Je me souviens de mes amours, mes conversations, mes amitiés. Je me souviens de tout, j’ai tout vu, je vous ai tous vu. Avec mélancolie, mais sans nostalgie. Et surtout sans espoir. Je sais déjà que cela est immortel et que, si nous sommes quelque chose, nous sommes l’espoir de quelque chose. L’attente m’a déjà usée. J’abandonne le «néanmoins», le «bien que», le «malgré tout», les moratoires, les excuses et les disculpations. Je connais le mécanisme des pièges de la morale et le pouvoir lénifiant de certaines paroles. J’ai perdu la foi en toutes ces constructions de pierres, d’idées, de chiffres. Je cède mon poste. Je ne défends plus cette tour dévastée. Et, en silence, j’attends l’événement.
Il soufflera un petit vent à peine glacé. Les journaux parleront d’une onde froide. Les gens hausseront les épaules et continueront la vie de toujours. Les premiers morts augmenteront à peine le nombre quotidien et personne dans les services statistiques ne remarquera ce zéro de plus. Mais au fil du temps, tous commenceront à se regarder et à s’interroger. Que se passe t-il ? Parce que durant des mois, les portes et les fenêtres vont trembler, les meubles et les arbres craquer. Pendant des années les os trembleront et les dents s’entrechoqueront, frisson et chair de poule.
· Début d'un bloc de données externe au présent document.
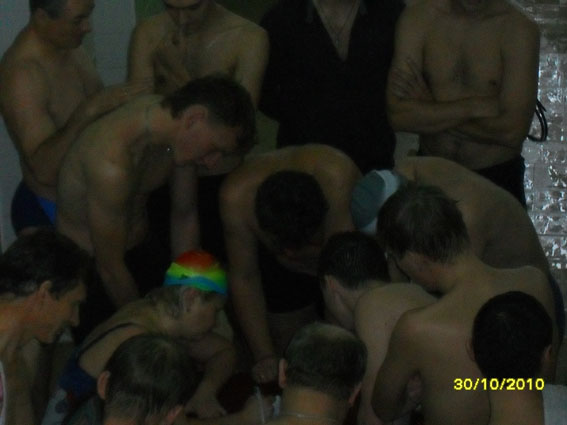 А теперь мои впечатления… Соревнования по плаванью — это тепло во всех смыслах, куча брызг, шумные болельщики, поддерживающие кричалками не только лидеров и не только «своих». Надо сказать мне очень повезло: к началу мужских заплывов по левую и правую сторону от меня материализовались двое мужчин, которые не только эмоционально комментировали заплывы, но и довольно точно предсказывали их результаты. (Ими оказались инструктор по спорту «Саянскхимпласта» Григорашенко А.А. и старший инструктор по спорту Опенко И.В.) Привожу отрывки разговора близко к тексту (дважды извините, диктофона с собой не было).

Pendant des années hurleront les Chimènes, les prophètes et les chefs. La brume qui borde les étangs pourris viendra s’installer dans la ville. Et au midi, sous le soleil équivoque, le petit vent emportera l’odeur du sang séché d’un matador déjà abandonné par les mouches.
Inutile de sortir ou de rester chez soi : inutile d’élever des murailles contre l’impalpable. Une bouche éteindra tous les feux, un doigt extirpera toutes les décisions. Il sera partout, sans être en aucune personne. Il Ternira tous les miroirs. Traversant les murs et les convictions, les vêtements et les âmes bien trempées, il s’installera dans la moelle de chacun. Entre les corps, sifflant ; entre les âmes, tapi. Et toutes les blessures s’ouvriront, parce qu’avec des mains expertes et délicates, quoiqu’un peu froides, il irritera les plaies et les pustules, crèvera les boutons et les enflures, grattera les plaies mal cicatrisées. Oh, source du sang, toujours inépuisable ! La vie sera un couteau, une feuille grise, et agile, et tranchante, catégorique et arbitraire qui tombera, arrachera et séparera. Fendre, déchirer, dépecer, verbes qui s’approchent à grand pas contre nous !
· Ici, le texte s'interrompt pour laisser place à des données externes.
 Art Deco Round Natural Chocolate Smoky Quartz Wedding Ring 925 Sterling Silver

Ce n’est pas l’épée qui brille dans la confusion de ce qui arrive. Ce n’est pas le sable, mais la peur et le fouet. Je parle de ce qui existe déjà entre nous. Partout se love une crainte et un chuchotement, un susurrement et des paroles moyennes. Partout souffle le petit vent, la brise légère qui provoque l’immense cravache chaque fois qu’elle se déroule dans l’air. Et beaucoup déjà élèvent dans la chair l’insigne demeure. La bise se lève des prairies du passé et s’approche en trottant de notre temps.